P-value Pitfalls

Grayson White

Math 141
Week 9 | Fall 2025

Goals for Today

Statistical inference zoom out

A hearty p-values discussion
Key probability concepts

Inference: The big picture

Inference on one mean

(and connection to confidence intervals)

Which Flavor of Statistician Are You?

Data Visualizer

Data Wrangler

Model Builder

Inferencer

Let’s Talk About P-values

The original intention of the p-value was as an informal measure to judge whether or not a researcher should take a second look.
But to create simple statistical manuals for practitioners, this informal measure quickly became a rule: “p-value < 0.05” = “statistically significant”.

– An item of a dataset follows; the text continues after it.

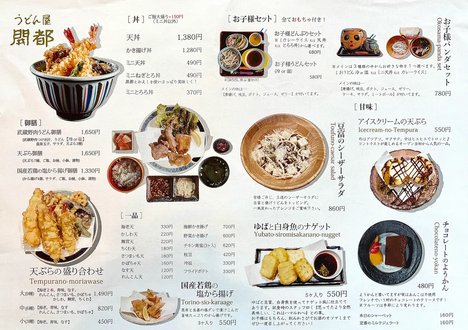 『開都』では「うどん」のみならず、バラエティに富んだメニュー構成になっています。詳しくはお店でご確認ください。

What were/are the consequences of the “p-value < 0.05” = “statistically significant” rule?

Let’s Talk About P-values

A consequence: The p-value is often misinterpreted to be the probability the null hypothesis is true.
- A p-value of 0.003 does not mean there’s a 0.3% chance that ESP doesn’t exist!
- By giving people a simple rule, they never learned what the p-value actually measures.

Let’s Talk About P-values

A consequence: Researchers often put too much weight on the p-value and not enough weight on their domain knowledge/the plausibility of their conjecture.
- Sometimes we give more weight to things we don’t understand.
xkcd comic

Let’s Talk About P-values

A consequence: P-hacking: Cherry-picking promising findings that are beyond this arbitrary threshold.
xkcd comic

Let’s Talk About P-values

A consequence: People conflate statistical significance with practical significance.

Example: A recent Nature study of 19,000+ people found that those who meet their spouses online…

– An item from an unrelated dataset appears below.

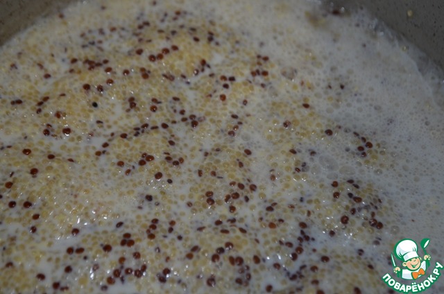 Заливаем крупу молоком и варим до готовности (молоко должно полностью впитаться), добавляем соль, сахар, сливочное масло.

Are less likely to divorce (p-value < 0.002)
Are more likely to have high marital satisfaction (p-value < 0.001)
BUT the estimated effect sizes were tiny.
- Divorce rate of 5.96% for those who met online versus 7.67% for those who met in-person.
- On a 7 point scale, happiness value of 5.64 for those who met online versus 5.48 for those who met in-person.

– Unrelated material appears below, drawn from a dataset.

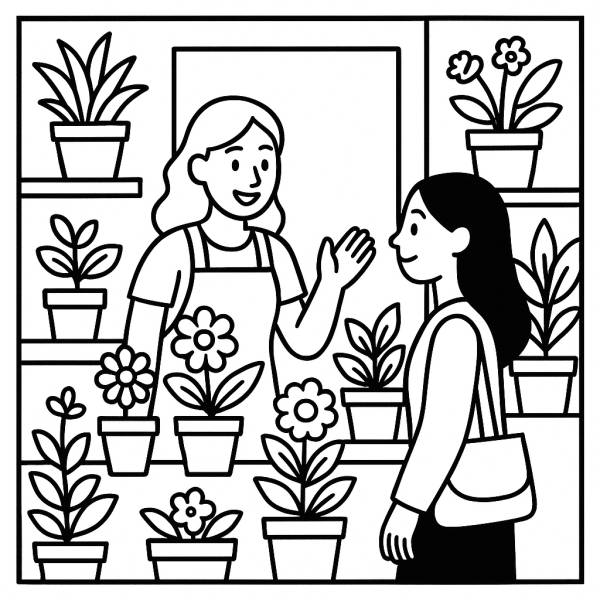 Il disegno rappresenta un negozio di piante, nel negozio una commessa mostra le piante ad una cliente. Il disegno è in bianco e nero con bordi ideale da colorare.

Question: Do these results provide compelling evidence that one should change their dating behavior?

Let’s Talk About P-values

A consequence: People conflate statistical significance with practical significance.
We won’t use the “statistically significant” language in Math 141. Instead say “statistically discernible.”

Let’s Talk About P-values

The American Statistical Association created a set of principles to address misconceptions and misuse of p-values:

P-values can indicate how incompatible the data are with a specified statistical model.
P-values do not measure the probability that the studied hypothesis is true, or the probability that the data were produced by random chance alone.
Scientific conclusions and business or policy decisions should not be based only on whether or not a p-value passes a specific threshold (i.e. 0.05).
Proper inference requires full reporting and transparency.
A p-value, or statistical significance, does not measure the size of an effect or the importance of a result.
By itself, a p-value does not provide a good measure of evidence regarding a model or hypothesis.

Let’s Talk About P-values

Despite its issues, p-values are still quite popular and can still be a useful tool when used properly.
In 2014, George Cobb a professor from Mount Holyoke College poised the following questions (and answers):

I want us to stop this cycle.

Math 141 & P-Values

Understanding p-values and being able to interpret a p-value in context is a learning objective of Math 141.
- Ex: If ESP doesn’t exist, the probability of guessing correctly on at least 106 out of 329 trials is 0.003.
Understanding that a small p-value means we have evidence for \(H_a\) is important.
- Ex: Because the p-value is small, we have evidence for ESP.
Understanding that a small p-value alone does not imply practical significance.
- Create a confidence interval to measure the effect size!
Understanding that what you mean by small should depend on your field and whether a Type I Error or Type II Error is worse for your particular research question.
Your ability to tell if a # is less than 0.05 is not a learning objective for Math 141.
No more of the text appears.